Kilka minut po czwartej nad ranem w niedzielę rodzina z dwójką dzieci wyszła na klatkę schodową. Źle się poczuli, w mieszkaniu ulatniał się gaz. Strażacy ewakuowali także rodzinę z sąsiedniego mieszkania. Wszyscy potrzebowali hospitalizacji.
W niedzielę kilka minut po 4 nad ranem jeden z mieszkańców kamienicy przy ulicy Damrota w Siemianowicach Śląskich zawiadomił służby o prawdopodobieństwie uwolnienia się tlenku węgla w mieszkaniu. Zanim na miejsce dotarły służby, rodzina z dwójką dzieci ewakuowała się na klatkę schodową.

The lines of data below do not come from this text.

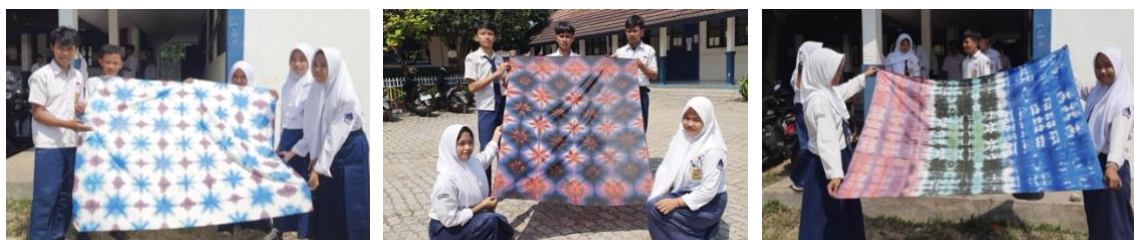
Gambar 5. Dokumentasi hasil kegiatan pembuatan Batik Sibori

Kegiatan dilaksanakan bersama siswa kelas 8 yang dibagi ke dalam enam kelompok per kelas. Setiap kelompok diberi kebebasan untuk bereksperimen dalam melipat dan mengikat kain putih menggunakan berbagai metode, yang kemudian direndam dalam larutan pewarna. Proses ini menciptakan pola-pola unik yang muncul setelah kain dikeringkan dan ikatannya dilepas. Siswa juga diberi kesempatan untuk mencoba kombinasi warna yang berbeda guna menghasilkan desain yang lebih kompleks, dokumentasi kegiatan diperlihatkan oleh Gambar 5.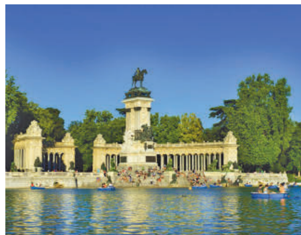
El estanque del parque del Retiro

Por otro lado, la ONG critica “la mercantilización de los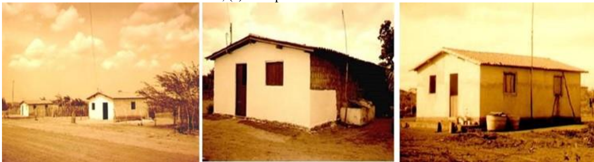
Figura 04: (a) Casa padrão do INCRA no Assentamento Santa Vitória/RN, 1999; (b) Casa padrão do INCRA no Assentamento Zabelê/RN; (c) Casa padrão do INCRA no assentamento Xoá/RN.

Quanto à concepção do projeto da moradia, o Estado utiliza um projeto padrão para todo o país (Figura 04), não respeitando as especificidades das condições locais nem os hábitos e as necessidades das famílias contempladas.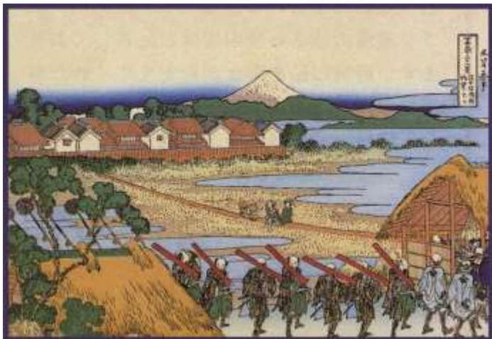
葛飾北斎描く千住より眺望の富士

例会日 木曜日 12:30~13:30 例会場 上野精養軒 TEL.03 (3821) 2181 事務所 〒130-0013 東京都墨田区錦糸 1-1-5 A ビル 6F TEL.03 (5637) 4602 FAX.03 (5637) 4611 http://www.tokyo-kohoku-rc.org

Jak mówi kapitan Sebastian Karpiński, oficer prasowy Państwowej Straży Pożarnej w Siemianowicach Śląskich, w mieszkaniu pootwierano okna, mimo to strażacy potwierdzili obecność tlenku węgla na poziomie aż 150 ppm. Tymczasem dopuszczalne stężenie tlenku węgla to 35 ppm. W okolicach 200 ppm człowiek zaczyna już odczuwać dolegliwości związane z zatruciem.

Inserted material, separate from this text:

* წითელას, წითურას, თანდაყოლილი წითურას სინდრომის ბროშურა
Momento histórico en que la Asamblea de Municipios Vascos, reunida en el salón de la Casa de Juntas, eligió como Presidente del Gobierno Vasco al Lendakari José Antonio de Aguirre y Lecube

Wszyscy zabrani do szpitala
- Osoby uskarżały się na zły stan zdrowia, dlatego zostały przebadane na zawartość karboksyhemoglobiny - mówi Karpiński.

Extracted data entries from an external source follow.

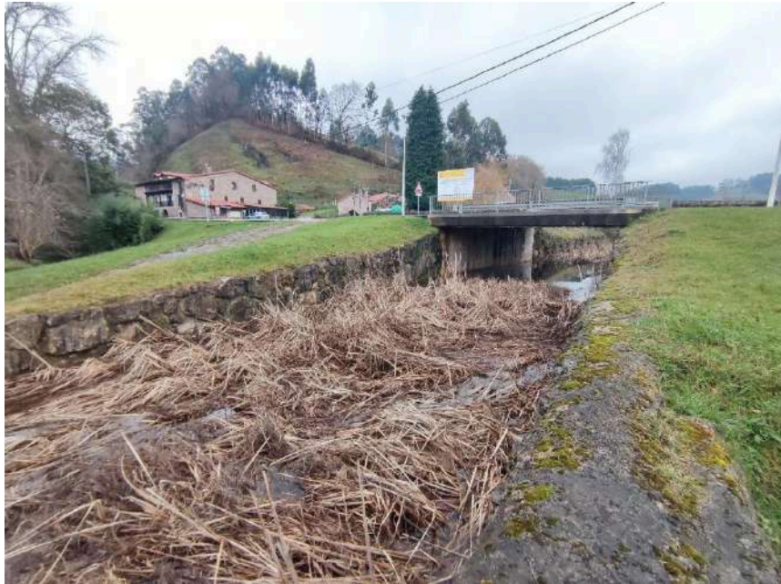
Vegetación y lodos acumulados en el canal antes de la actuación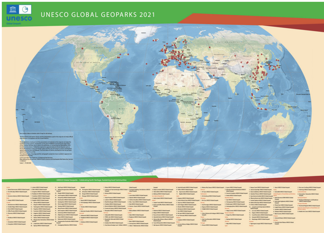
教科文組織世界地質公園分布圖

世界地質公園的認證及重新驗證，乃是透過世界地質公園網絡來執行，認證任期為4年。在重新驗證過程中，徹底重新審查每個世界地質公園運作品質。重新驗證過程，地質公園必須編寫進度報告，兩名評估員將進行實地考察。如果實地評估報告，地質公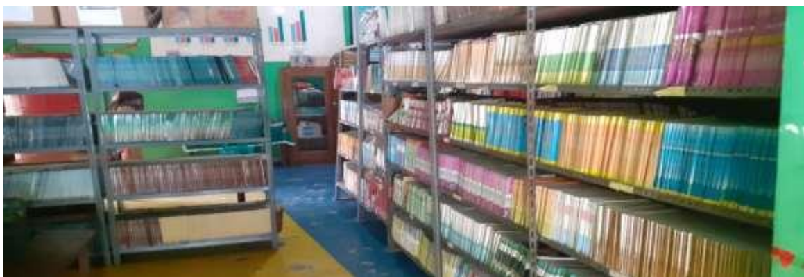
Gambar 1.1. Rak Buku – buku Perpustakaan Sekolah Budaya

Czad łatwo wiąże się z hemoglobiną, która transportuje tlen w naszych organizmach. W efekcie połączenia powstaje karboksyhemoglobina. Hemoglobina nie łączy się z tlenem, co prowadzi do niedotlenienia, w najgorszym przypadku do śmierci przez uduszenie. Stężenie karboksyhemoglobiny nie powinno przekraczać trzech procent całkowitej zawartości hemoglobiny. Wzrost do 20 procent daje objawy zatrucia., przede wszystkim ból głowy, ucisk w skroniach. Przy 30 - 40 procentach następują nudności, wymioty, osłabienie, oszołomienie, zapaść. Powyżej 60 procent - utrata świadomości i często śmierć.
- U wszystkich osób wynik wyszedł od 27 do 39 procent - mówi Karpiński.
Strażacy skontrolowali pozostałe mieszkania w pionie. Okazało się, że w jednym z nich również wykryto czad. Troje lokatorów, w tym jedno dziecko, także przebadano pod kątem zawartości karboksyhemoglobiny. Wynik: od 8 do 10 procent.
Wezwany na miejscu zespół medyczny pogotowia zdecydował o przewiezieniu wszystkich osób do szpitali Chorzowie, Siemianowicach i Czeladzi.
Sprawdzajcie kominy, kupujcie czujniki
Karpiński przypomina, że rozpoczął się sezon grzewczy i apeluje o zadbanie o drożność przewodów kominowych i zaopatrzenie się w czujniki tlenku węgla, który pierwszy ostrzega przed zagrożeniem zatrucia. - To nie jest duży koszt, a ratuje życie, znacząco wpływa na poprawę bezpieczeństwa w mieszkaniach - mówi kapitan PSP.